I think the answer is rather anticlimactic, tl;dr is: The anomalous precession of Mercury was in fact a well-known problem amongst astronomers at that time. Correctly predicting the anomalous precession was a big and well-known test for any theory of gravitation which was not Newtons $1/r^2$ law.

In the 1840's, Le Varrier, based on his calculations on the orbit of the back-then known planet Uranus, proposed the existence of another planet we today know as Neptune which was indeed discovered just shortly after. Around the same time, he also calculated the orbit of Mercury, noticing, that the theoretically predicted result was largely differing from the real one. In a letter to Hervé Faye, he considered this to be

[...] a difficult problem, worthy of the attention of all astronomers.

Being one of the leading astronomers of his time, I am pretty sure that this encouraged many people to search for solutions. Varrier himself douted the existence of a undiscovered intra-Mercury planet (Vulcan).
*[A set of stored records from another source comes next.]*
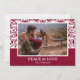 A cor damasco vermelha e branca de groselha elegante destaca a sua foto favorita com a sua saudação em caracteres quicos na frente e a sua personalização e mensagem nas costas. Selecione Matte para o papel mais pesado e alta definição para melhor qualidade de impressão. *Use uma foto horizontal.
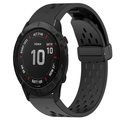Correa de Reloj de Silicona para Garmin Fenix 6X Sapphire 26mm con Orificio y Hebilla Plegable (Negro)
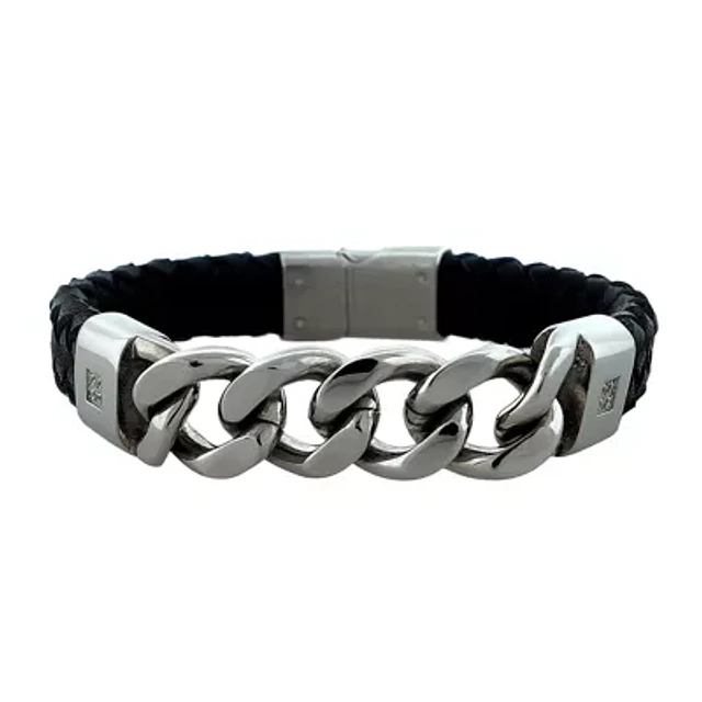 Mens Cubic Zirconia Stainless Steel & Leather Bracelet

The only solution within the known effects was a at least 10%-increase of the Venus mass, which seemed pretty absurd.

As you already mentioned, there were two major approaches to solve this:

• Taking into account unknown celestial bodies or altering the properties of the known one. Known examples are the existence of the planet Vulcan, or the suggestion to flatter the sun. These examples sticked to the Newtonian law of gravitation. However, none of these phenomenons were ever observed.

• As you already mentioned, also many theorists tried to explain this by modifying Newton's holy $1/r^2$-law. Two major approaches were popular here: Avoiding a completely static law, or correcting the Newtonian law by a velocity-dependent term (e.g. the Lorentzian theory of gravitation). All of these approaches were either unsuccessful or contained arbitrary parameters.

Einsteins approach is obviously one of the theoretical kind, but, apart from the fact that it actually worked, it had major advantages over all the other approaches - in particular, unlike many other approaches, it was not specifically designed to solve this problem and Einstein did not take into account any additional hypotheses apart from his laws of gravitation. Therefore, it was a very successful test for Einsteins theory of gravitation.